BSD is a very permissive license. It allows many things, including redistributing it under different conditions, including as closed source. The only thing to respect, are the conditions of the BSD.
To dive into this, there are different variants of the BSD-license. The original 4-clause-BSD, a three-clause-BSD without the advertisement-clause and a two-clause-variant that only keeps the first two clauses. The original BSD reads as follows:
Redistributions of source code must retain the above copyright notice,
this list of conditions and the following disclaimer.
in binary form must reproduce the above copyright notice, this list of
conditions and the following disclaimer in the documentation and/or
other materials provided with the distribution.
materials mentioning features or use of this software must display the
following acknowledgement: “This product includes software developed
by the University of California, Berkeley and its contributors.”

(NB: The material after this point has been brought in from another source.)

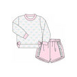 Long sleeves floral pink bow top light blue shorts girls clothes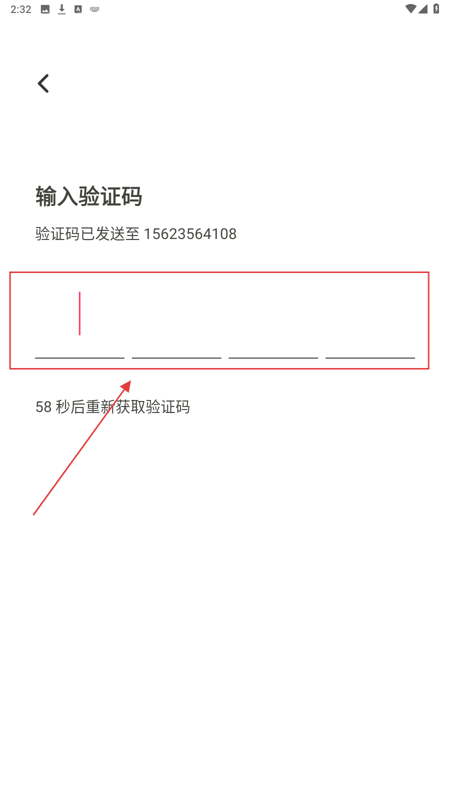 2、页面跳转至填码状态,确认手机号无误后,点击【获取验证码】按钮,等待接收验证码。

Neither the name of the University nor the names of its contributors
may be used to endorse or promote products derived from this software
without specific prior written permission.
So you need: to keep the original copyright-notice (including the authors of the original work), include the BSD-license with your distribution and the disclaimer about Warranty (that I omitted) for clause one and two (that only decide this for source and binary form). Clause 3 asks that all advertisement material includes this notice and clause four simply asks not to misuse the name of the university. This has to be followed. The variants simply omit clause 3, or clause 3 and 4.
The second thing: are these conditions compatible with the GPL. The result is: the original BSD isn't because of the advertisement-clause. The two variants omitting said clause are compatible .
Tl;DR: You cannot with original BSD, but can with 3-clause- and 2-clause-BSD.